### Records for processing
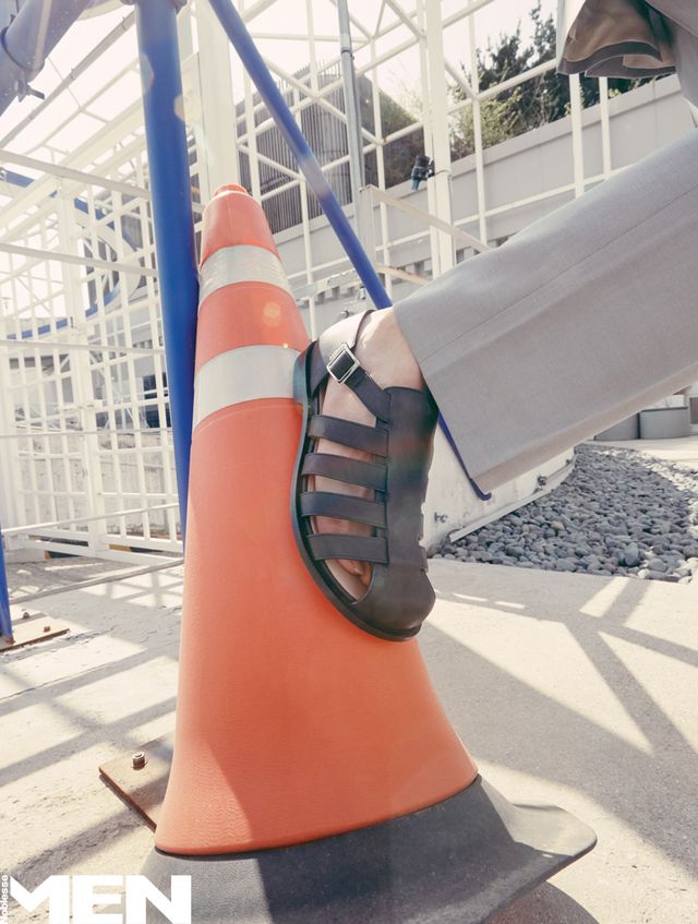 왼쪽 _ 그레이 팬츠와 재킷 Paul Smith, 앞코를 둥글게 처리한 송아지 가죽 캄포 샌들 Loewe.
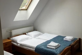 Pokoje: Pokoje w obiekcie posiadają prywatną łazienkę (prysznic, WC, umywalka, lustro) oraz wyposażone są w łóżka, szafę, stolik nocny, stolik, krzesła oraz TV.
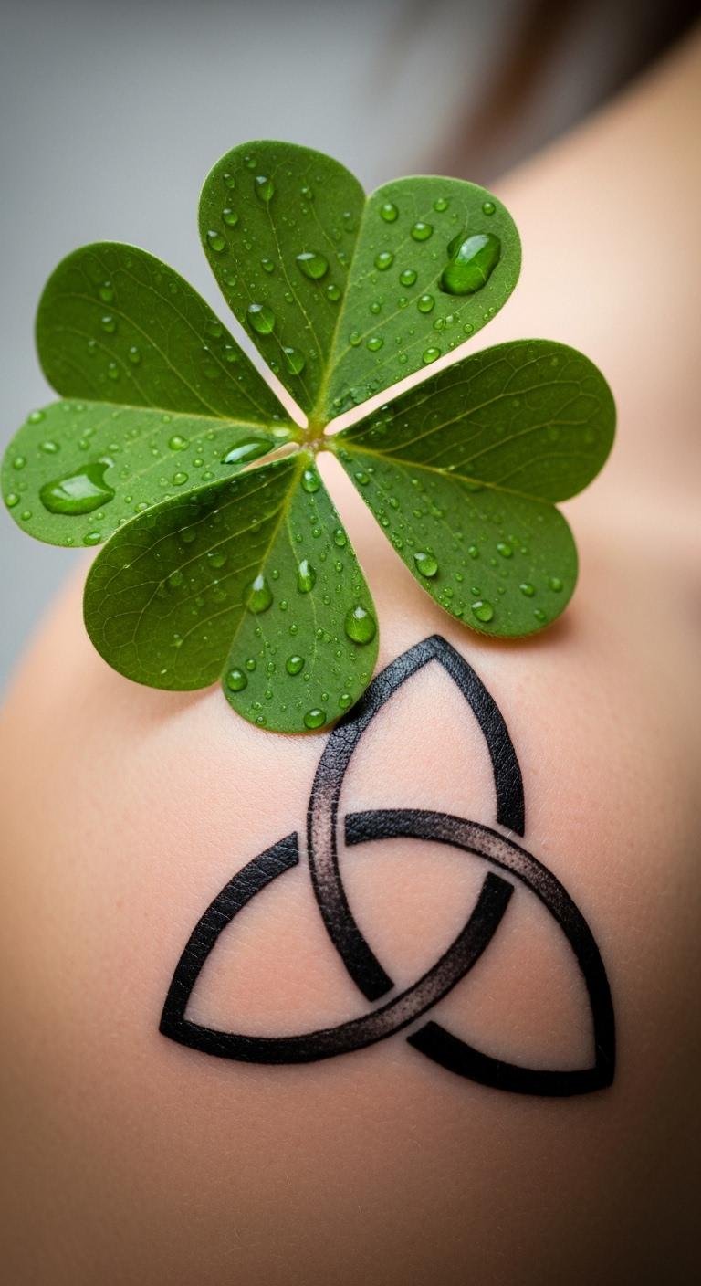 Pair a shamrock with a triquetra for unity themes. It represents interconnected lives. Spot it on your shoulder. Hunt for combo packages. Draw the shapes together at home. Keep lines clean for budget reasons. Schedule early. Protect with shirts. Add triquetra jewelry. Sketch on templates. This design builds connections. Show it to friends.
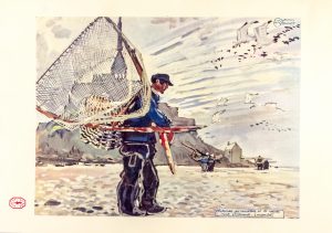 4 menus de la Maison Prunier illustrés par Mathurin Méheut. Format 37 x 25 cm, 3 menus de 1963/1964/1965 intitulés H pécheurs de crevettes et de coques. Mont Saint-Michel (manche) ". 1 menu de 1963 intitulé, Mar- seille, au vieux port,...
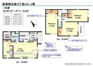 新築売戸建住宅 草津市 西矢倉3丁目 (南草津駅) 2階建 3LDK
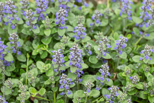 Sprawling carpet of wild growing buggleweed (Ajuga reptans).
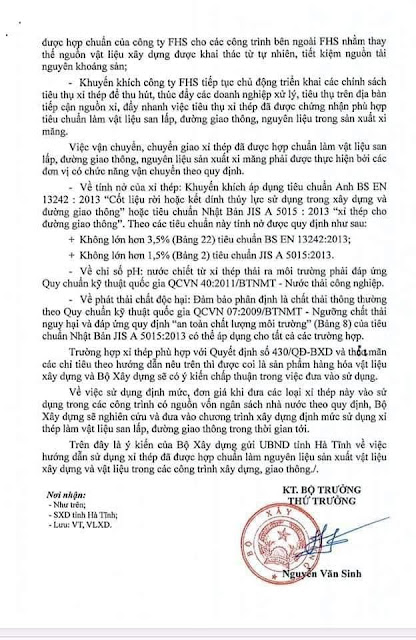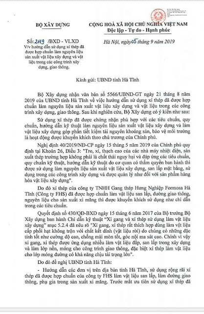– Bộ Xây dựng đã có ý kiến tại Văn bản số 51/BXD-VLXD, trong đó khẳng định xỉ thép của Công ty Formosa được phép sử dụng vào làm vật liệu san lấp, đường giao thông như chỉ dẫn trong các tiêu chuẩn.

### Task instructions
Given the listing above, return exactly, and only, the lines from the line with "新築売戸建住宅 草津市 西矢倉3丁目 (南草津駅) 2階建 3LDK" through its final line, both included, with the pictures removed.

### Response for this exercise
 新築売戸建住宅 草津市 西矢倉3丁目 (南草津駅) 2階建 3LDK
 Sprawling carpet of wild growing buggleweed (Ajuga reptans).
– Bộ Xây dựng đã có ý kiến tại Văn bản số 51/BXD-VLXD, trong đó khẳng định xỉ thép của Công ty Formosa được phép sử dụng vào làm vật liệu san lấp, đường giao thông như chỉ dẫn trong các tiêu chuẩn.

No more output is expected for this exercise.